- Portrait of Marea Gazzard, 1963, photograph by David Moore
- Born: Marea Medis 2 June 1928 Sydney, Australia
- Died: 28 October 2013 (aged 85) Sydney, Australia
- Known for: Sculpture, ceramics
- Spouse: Donald Gazzard ​(m. 1950)​

= Marea Gazzard =

Australian sculptor, artist (1928–2013)

Marea Gazzard (2 June 1928 – 28 October 2013) was an Australian sculptor and ceramicist.

==Life and work==
Born Marea Medis in Sydney, Australia, Gazzard studied ceramics at the East Sydney Technical College, now the National Art School, from 1953 to 1955. After travelling to Europe, Gazzard enrolled at the Central Saint Martins College of Art and Design, London where she studied from 1955 to 1959. During this period she became close to ceramicists Lucie Rie and Hans Coper. Returning to Sydney, Gazzard studied sculpture at the National Art School, with Lyndon Dadswell. In 1960, she opened a studio in Paddington, New South Wales, and in 1963 staged her first solo exhibition.

Gazzard had a significant exhibiting career, with some notable highlights. In 1973, Gazzard was invited to exhibit at the National Gallery of Victoria in the landmark exhibition 'Clay and Fibre' with Mona Hessing.
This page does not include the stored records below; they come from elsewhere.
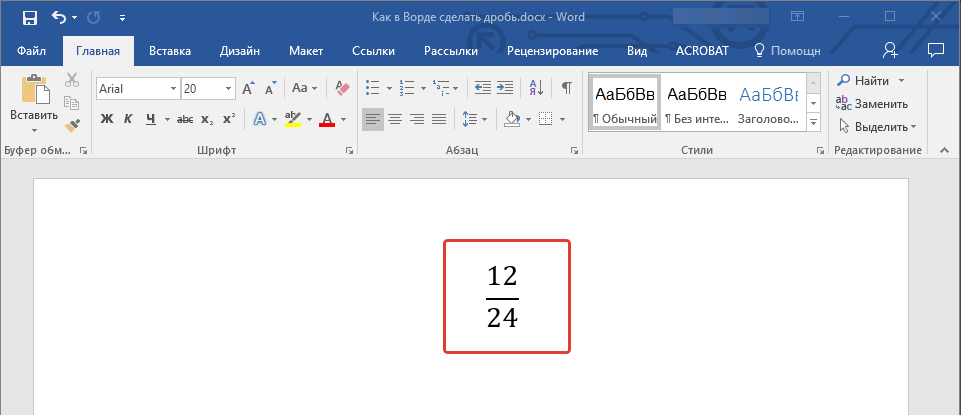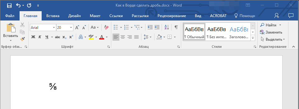 - После того, как вы это проделаете в документе, в том месте, где стоял курсор, появится дробь.
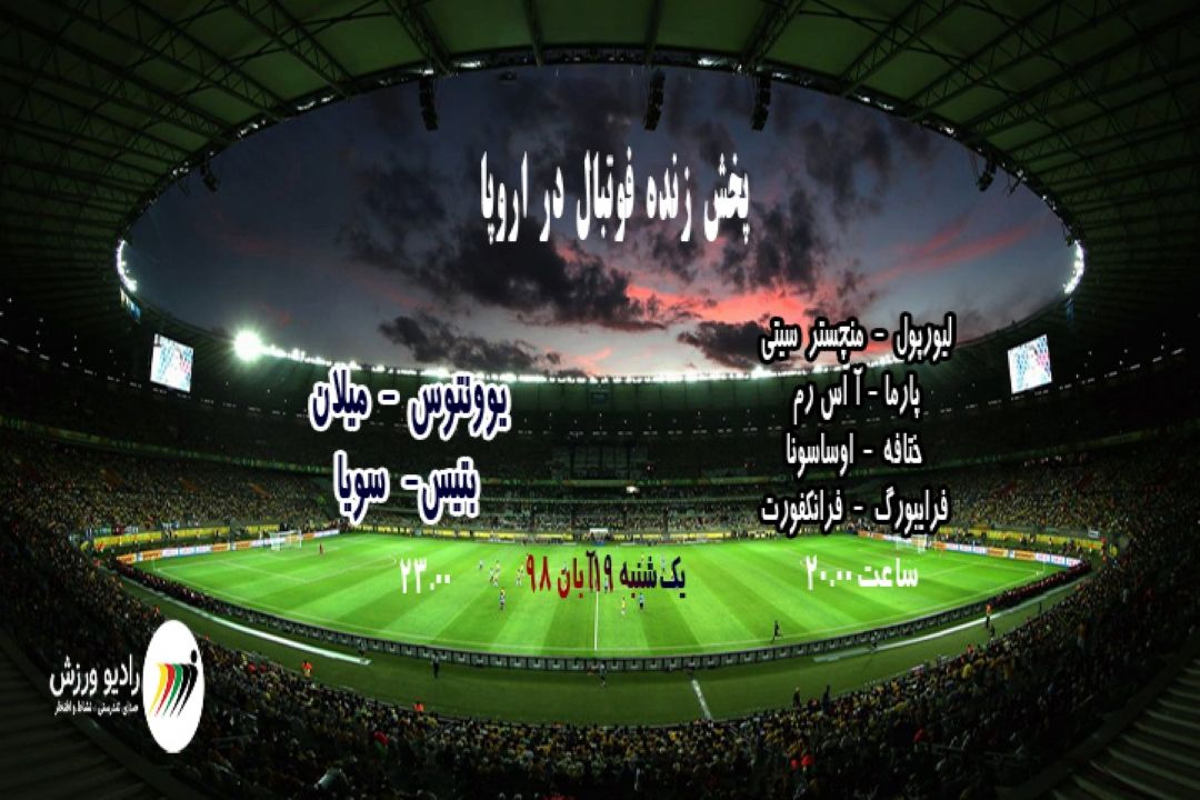 پخش زنده بایرن مونیخ- دورتموند و اوساسونا-بارسلونا مسابقه تیم های بایرن مونیخ- دورتموند و اوساسونا-بارسلونا به صورت زنده از شبكه رادیویی ورزش روی موج FM ردیف 92 مگاهرتز پخش می شود. 4 سال پیش
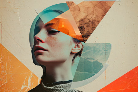 A woman's face is shown in a collage of squares and triangles. The image has a modern and abstract feel to it, with the woman's features being distorted and fragmented. The use of black

In 1994, a survey of Gazzard's work was staged at the S. H. Ervin Gallery, Sydney, accompanied by the launch of a monograph by Christine France.

Major public commissions include 'Mingarri: The Little Olgas", which was installed in the Executive Court of Parliament House, Canberra in 1988. In addition, 'Bindu' (2004) was commissioned by the Athens Olympic Art Program for the Olympic Games in Greece.

Gazzard's work features in several museum collections, including the Art Gallery of Western Australia, National Gallery of Victoria, National Gallery of Australia, Newcastle Art Gallery. Her portrait by Judy Cassab is in the National Portrait Gallery, Australia.

In addition to her career as an artist, Gazzard was pivotal in the international Arts and Crafts movement, and, amongst other public positions, in 1980 she became the first elected president of the World Crafts Council.